* **ASSIGNMENT**
In the data below, set down exactly the lines from the one containing "Gegen 15:15 Uhr" up to and including the one containing "車子剛停穩(wěn),聞訊而". Leave the pictures out.

* **DATA SHOWN**
• • • •
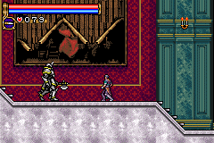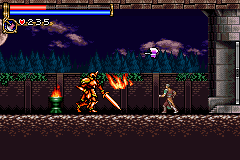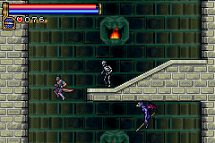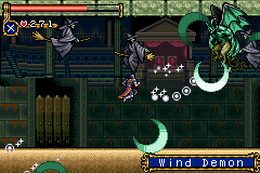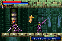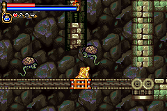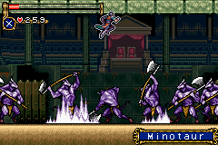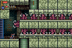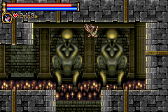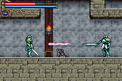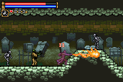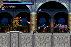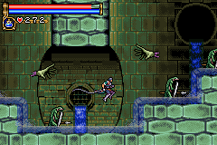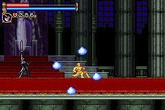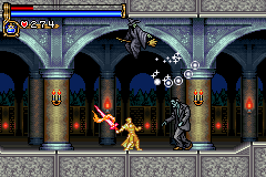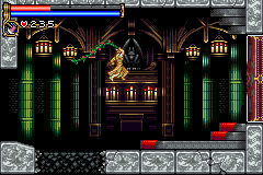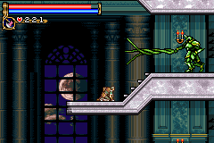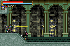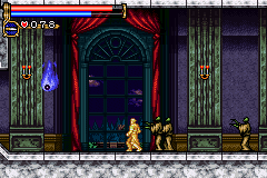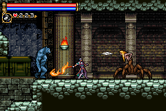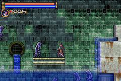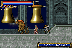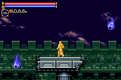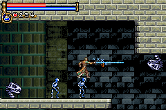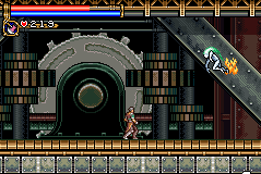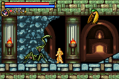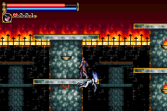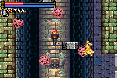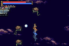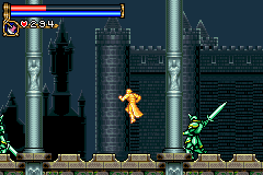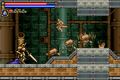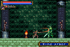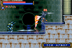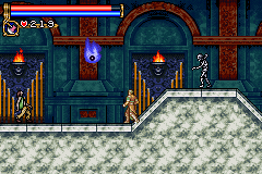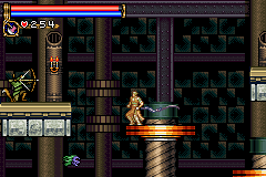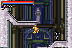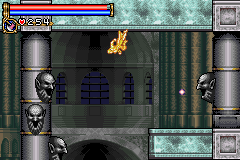 As in Symphony of the Night, Circle of the Moon's castle is broken up into separate sections--in this case fourteen--which offers to the player a nonlinear experience within the RPG-adventure genre. In order to successfully move about the castle, to its otheriwse initially-sealed-off areas, you'll have to first gain certain newer abilities. The listing below is the common order of navigating the castle if you wish to have the best success when trying to move into stronger-enemy territory.
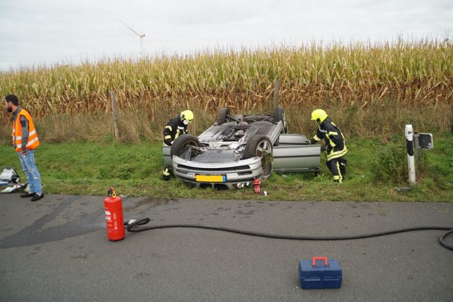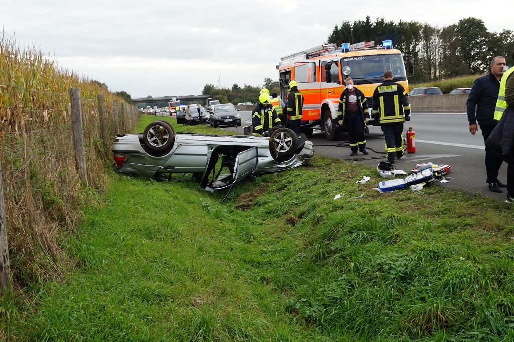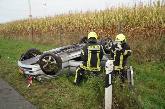 Gegen 15:15 Uhr wurde die Feuerwehr Gescher zu einem Verkehrsunfall auf die A31 in Fahrtrichtung Emden gerufen. Dort war es zu einem Alleinunfall eines niederländischen PKWs gekommen. Die Fahrerin kam dabei nach rechts von der Fahrbahn ab und überschlug sich mehrfach im Graben bevor es auf dem Dach liegen blieb. Bei Eintreffen des Rettungsdienstes und der Feuerwehr waren alle drei Insassen bereits aus dem Fahrzeug befreit. Während sich der Rettungsdienst zunächst um die schwerer verletzte Fahrerin kümmerte, versorgte die Feuerwehr bis zum Eintreffen weiterer Rettungswagen die zwei anderen Insassen. Alle drei Insassen kamen zur weiteren Behandlung ins Krankenhaus. Weitere Personen aus anderen Fahrzeugen, die zusammen mit dem Unfallfahrzeug unterwegs waren mussten ebenfalls von der Feuerwehr betreut werden. Zusätzlich wurde die Einsatzstelle gegen den weiteren Verkehr abgesichert. Da das Fahrzeug einen Gastank hatte, wurde dieses mit der Wärmebildkamera auf etwaige Undichtigkeiten kontrolliert. Daher verblioeb dei Feuerwehr auch bis zur Fahrzeugbergung an der Einsatzstelle.
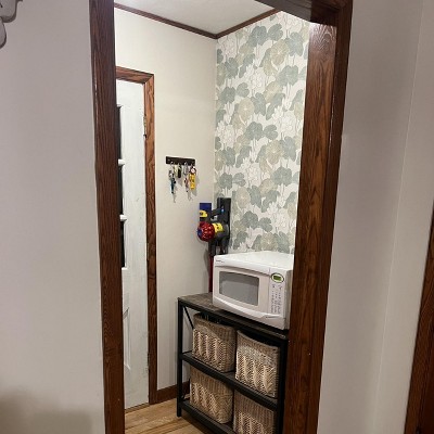 This wonderful wallcovering turned a nondescript bedroom closet into an unexpected laundry space. I love it!
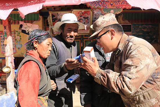 車子剛停穩(wěn),聞訊而來的村民們就排起了長隊。索朗貢布頂著炎炎烈日穿梭在人群中耐心進行翻譯,哪位老人該測量血壓,哪位患者該領(lǐng)取藥品了然于胸,兩個小時過去了都顧不上喝一口水。該部隊衛(wèi)生員應曉晶介紹說,每次義診他們天不亮就起床準備,天黑才匆匆返營,中途餓了就啃幾口干糧,然而只要索朗貢布工作抽得開身,就一定隨隊前往,確保每次義診更加順利圓滿。
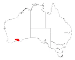 It is native to an area in the Wheatbelt and Goldfields-Esperance region of Western Australia extending from around Lake Grace in the north west to around Esperance in the south east where it is commonly situated on flats growing in clay to loamy or sandy-loamy soils.[1] The bulk of the population is located from around Frank Hann National Park and Peak Eleonora to the south of Norseman in the north to around Mount Ridley to the north of Esperance in the south east where it is a part of open dwarf shrub, shrub mallee or low heath communities.[2]
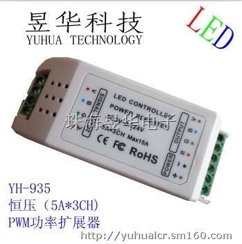YH-935恒压功率扩展器,它适用于我公司所有单色和RGB控制器的功率扩展。功率扩展器可接受PWM(脉宽调制)控制,每增加一个功率扩展器就可以多连接一陪至三倍的LED灯数量,理论上可以连接无限多个功率扩展器。恒压跟恒流的扩展器可以混合连接,方便不同电压、大功率和小功率的LED灯具统一控制。非常适合各种商照、酒店房间等工程。
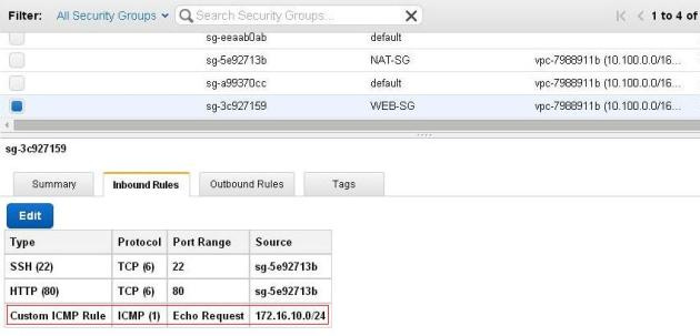 Ping from the Local vpn gateway to the machine on VPC Private subnet (I have Webserver on private subnet with an ip 10.100.20.20).
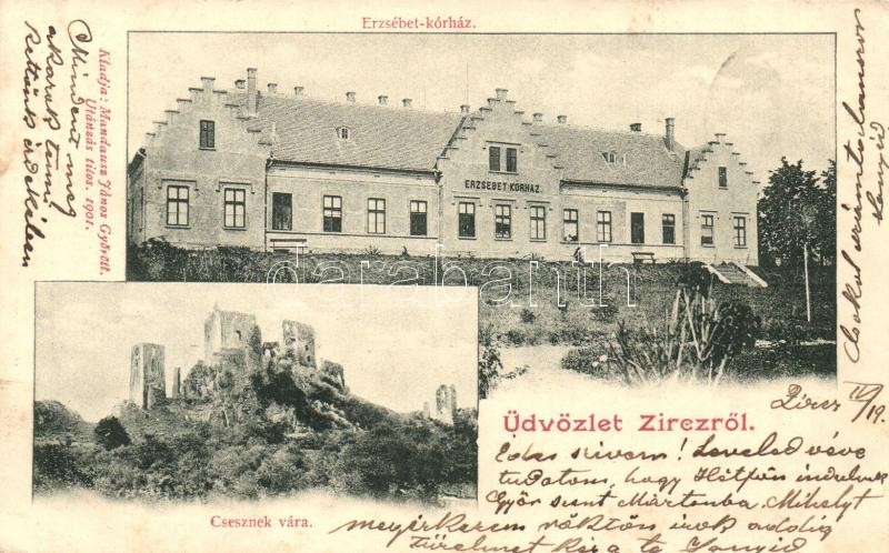 Leírás: Zirc, Erzsébet kórház, Csesznek vára. Mandausz János kiadása
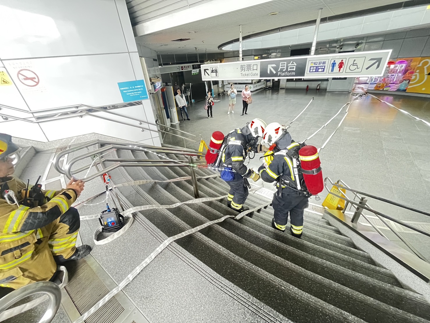 考量車站設施特性,現場採用泡沫系統進行滅火,降低大量用水可能造成之設備損害。同時由安全幕僚落實安全管理機制,逐一檢查消防人員個人防護裝備、空氣瓶壓力及救命器具使用狀況,並透過雙人互檢制度,確保進入火場人員裝備完整無虞。
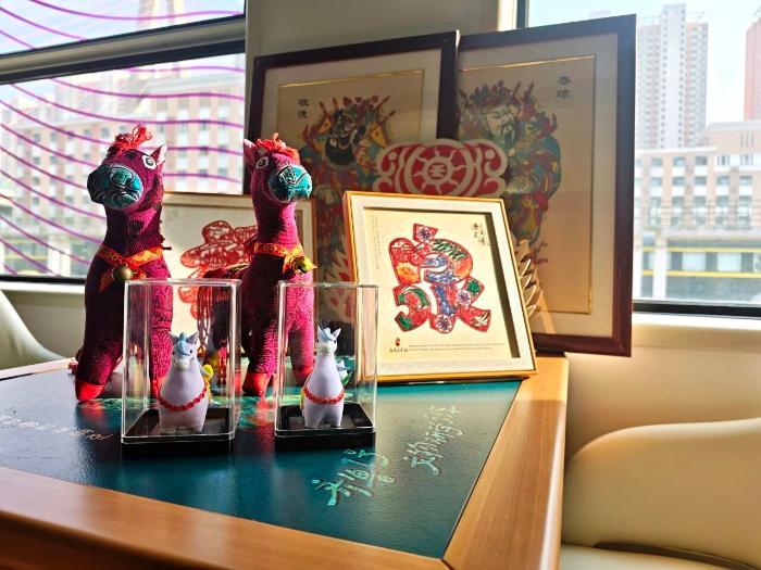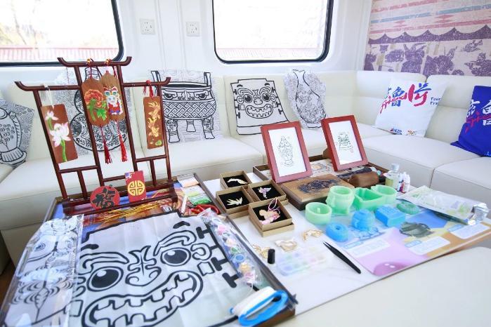 列车上还展示聊城葫芦、济南皮影等非遗产品,可供选购留念。
• • • •
* **ANSWER**
 Gegen 15:15 Uhr wurde die Feuerwehr Gescher zu einem Verkehrsunfall auf die A31 in Fahrtrichtung Emden gerufen. Dort war es zu einem Alleinunfall eines niederländischen PKWs gekommen. Die Fahrerin kam dabei nach rechts von der Fahrbahn ab und überschlug sich mehrfach im Graben bevor es auf dem Dach liegen blieb. Bei Eintreffen des Rettungsdienstes und der Feuerwehr waren alle drei Insassen bereits aus dem Fahrzeug befreit. Während sich der Rettungsdienst zunächst um die schwerer verletzte Fahrerin kümmerte, versorgte die Feuerwehr bis zum Eintreffen weiterer Rettungswagen die zwei anderen Insassen. Alle drei Insassen kamen zur weiteren Behandlung ins Krankenhaus. Weitere Personen aus anderen Fahrzeugen, die zusammen mit dem Unfallfahrzeug unterwegs waren mussten ebenfalls von der Feuerwehr betreut werden. Zusätzlich wurde die Einsatzstelle gegen den weiteren Verkehr abgesichert. Da das Fahrzeug einen Gastank hatte, wurde dieses mit der Wärmebildkamera auf etwaige Undichtigkeiten kontrolliert. Daher verblioeb dei Feuerwehr auch bis zur Fahrzeugbergung an der Einsatzstelle.
 This wonderful wallcovering turned a nondescript bedroom closet into an unexpected laundry space. I love it!
 車子剛停穩(wěn),聞訊而來的村民們就排起了長隊。索朗貢布頂著炎炎烈日穿梭在人群中耐心進行翻譯,哪位老人該測量血壓,哪位患者該領(lǐng)取藥品了然于胸,兩個小時過去了都顧不上喝一口水。該部隊衛(wèi)生員應曉晶介紹說,每次義診他們天不亮就起床準備,天黑才匆匆返營,中途餓了就啃幾口干糧,然而只要索朗貢布工作抽得開身,就一定隨隊前往,確保每次義診更加順利圓滿。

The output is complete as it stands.